TRIMMED SLOPE ESTIMATES FOR SIMPLE LINEAR-REGRESSION

For the simple linear regression model, the trimmed slope estimate introduced here is a direct extension of the concept of a trimmed mean. To calculate a trimmed mean, order the observations, disregard unusually high and low ones, and take an average of the remaining observations. Specifying which observations are unusual is the discriminating factor among several types of trimmed means. Similar to the mean, the least squares estimate of the slope may be thought of as a weighted average of slopes calculated from pairs of observations. To calculate a trimmed slope estimate, order the pairwise slopes, disregard unusually high and low ones, and take a weighted average of the remaining slopes.
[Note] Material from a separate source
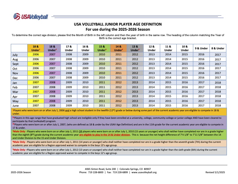 1. Determine your age classification using the document titled USA Volleyball Junior Player Age Definition located to the right.

In this paper we discuss various methods of specifying the unusual slopes to be trimmed. We also allow a broad class of weights to be used in the averaging. In some situations which admit outliers in the data, from a robustness viewpoint certain choices of weights are useful even without trimming pairwise slopes. Trimmed slope estimates enjoy advantages similar to those of trimmed means. They are easy to interpret and explain. Since they are linear combinations of the pairwise slopes, computation of the estimates is straightforward. Further, the data analyst can control the amount of trimming through an explicit parameter. It turns out that the large sample properties are also similar. In this paper the consistency, asymptotic normality and influence functions of the trimmed slope estimators are investigated.